Set every entry down again, unchanged, picture-free.

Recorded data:
-=-=-=-=-
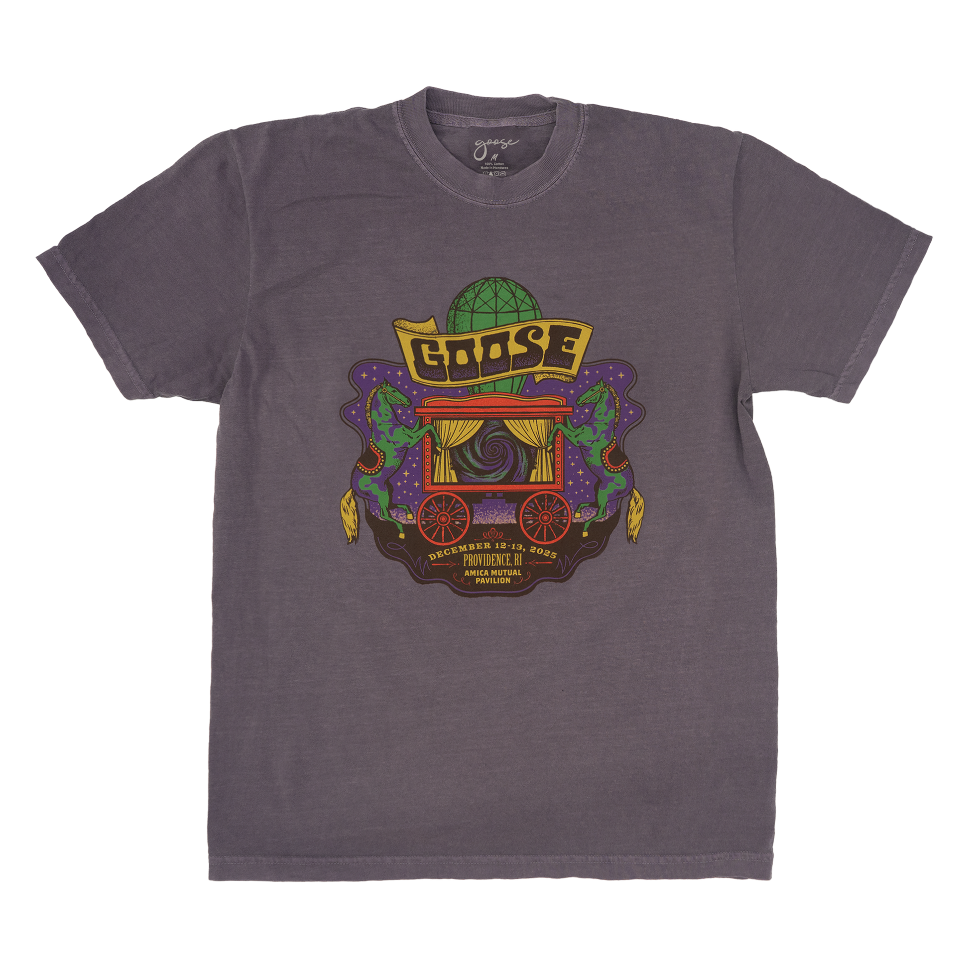 "Wagon" design by Justin Helton screenprinted on a Wine-colored, 100 percent garment-dyed cotton tee.
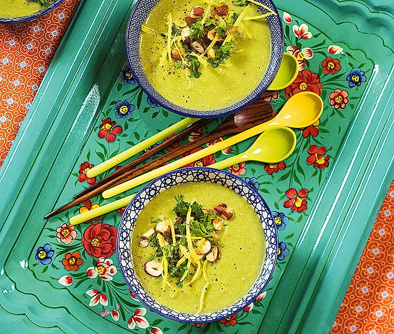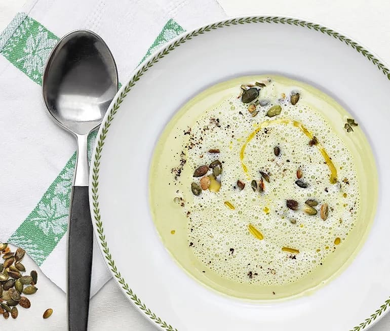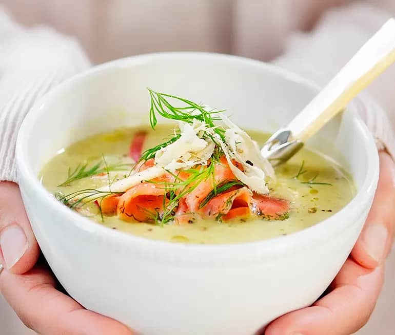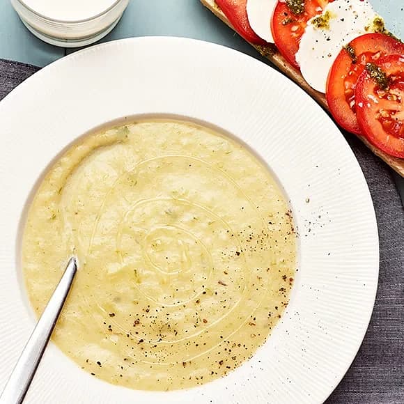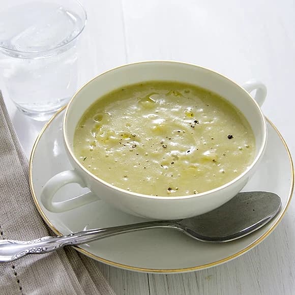 Potatis- och purjolökssoppa med vitlökschampinjoner
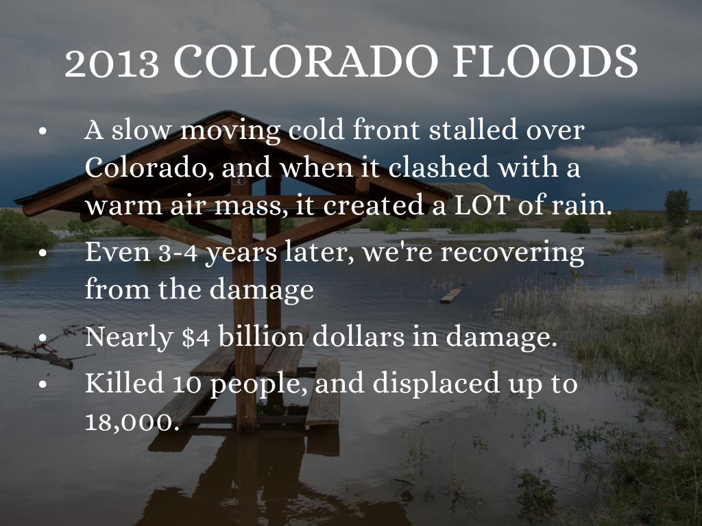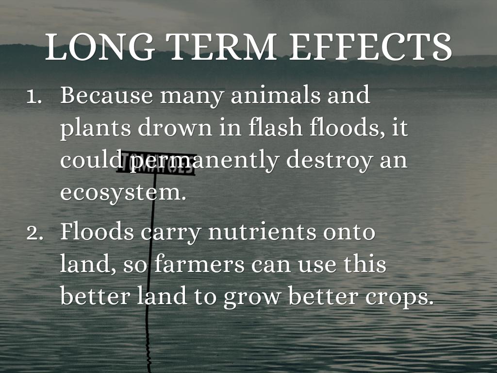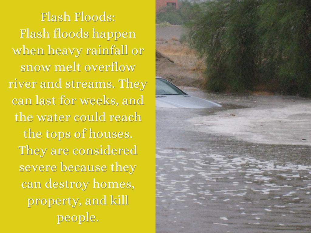 Flash Floods: Flash floods happen when heavy rainfall or snow melt overflow river and streams. They can last for weeks, and the water could reach the tops of houses. They are considered severe because they can destroy homes, property, and kill people.
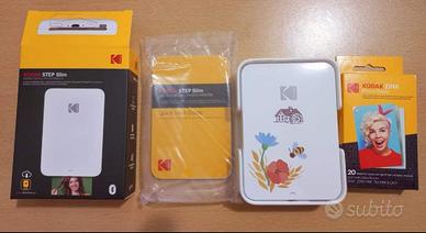Vendo nuova in quanto mai utilizzata ed ancora nella sua confezione originale, stampante fotografica mobile instantanea KODAK STEP PRINTER SLIM + 1 confezione di 20 fogli di carta Kodak Zink, brandizzata "Mulino Bianco". Stampa in modalità wireless foto & ZINK - Carta fotografica, Formato 2"x3", Confezione da 20 fogli. Come foto. NO SCAMBI
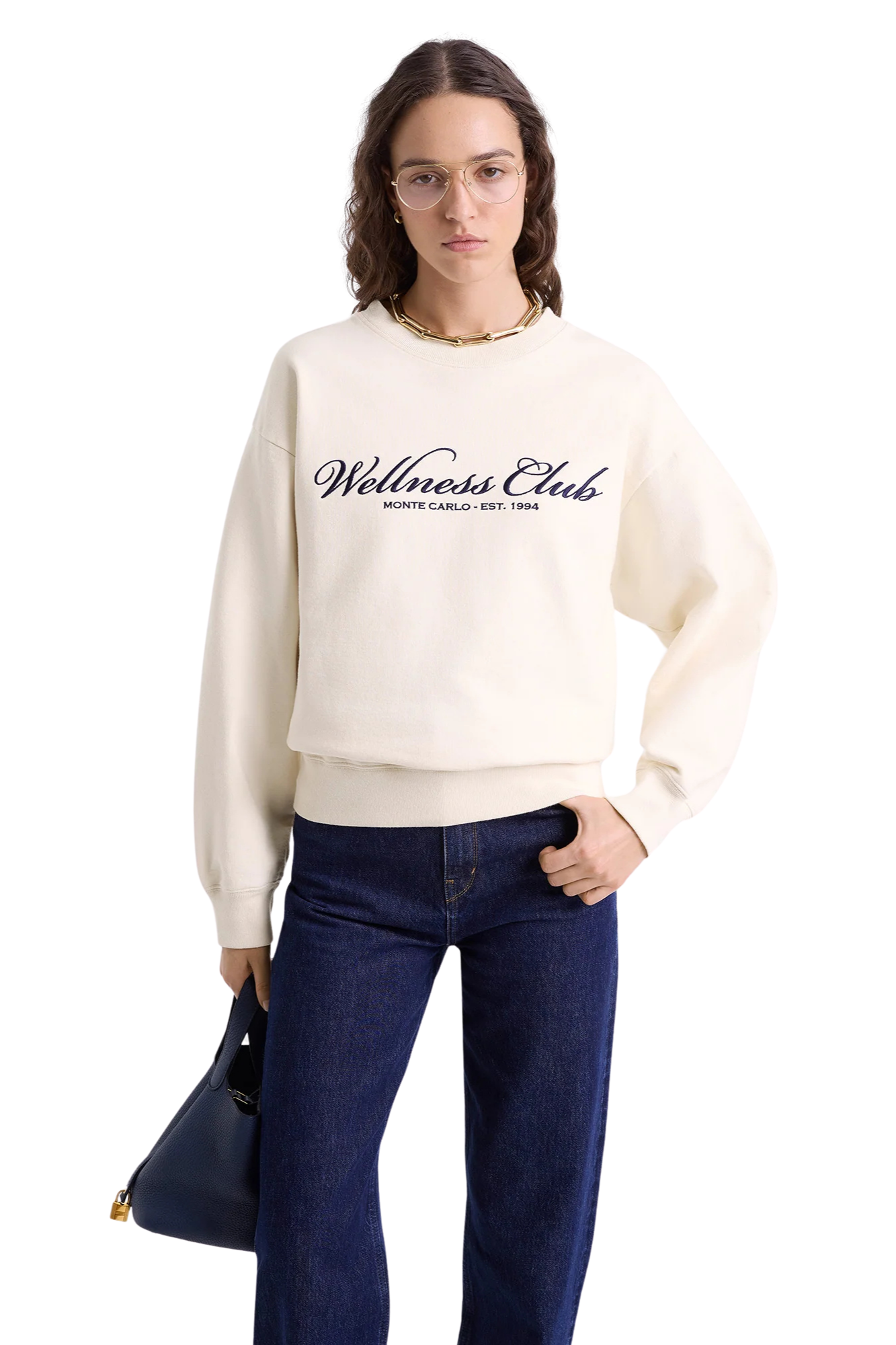 THE CROPPED COLLEGIATE SMOKE TREE GARDENIA SWEATSHIRT
-=-=-=-=-
#### Task response:
 "Wagon" design by Justin Helton screenprinted on a Wine-colored, 100 percent garment-dyed cotton tee.
 Potatis- och purjolökssoppa med vitlökschampinjoner
 Flash Floods: Flash floods happen when heavy rainfall or snow melt overflow river and streams. They can last for weeks, and the water could reach the tops of houses. They are considered severe because they can destroy homes, property, and kill people.
Vendo nuova in quanto mai utilizzata ed ancora nella sua confezione originale, stampante fotografica mobile instantanea KODAK STEP PRINTER SLIM + 1 confezione di 20 fogli di carta Kodak Zink, brandizzata "Mulino Bianco". Stampa in modalità wireless foto & ZINK - Carta fotografica, Formato 2"x3", Confezione da 20 fogli. Come foto. NO SCAMBI
 THE CROPPED COLLEGIATE SMOKE TREE GARDENIA SWEATSHIRT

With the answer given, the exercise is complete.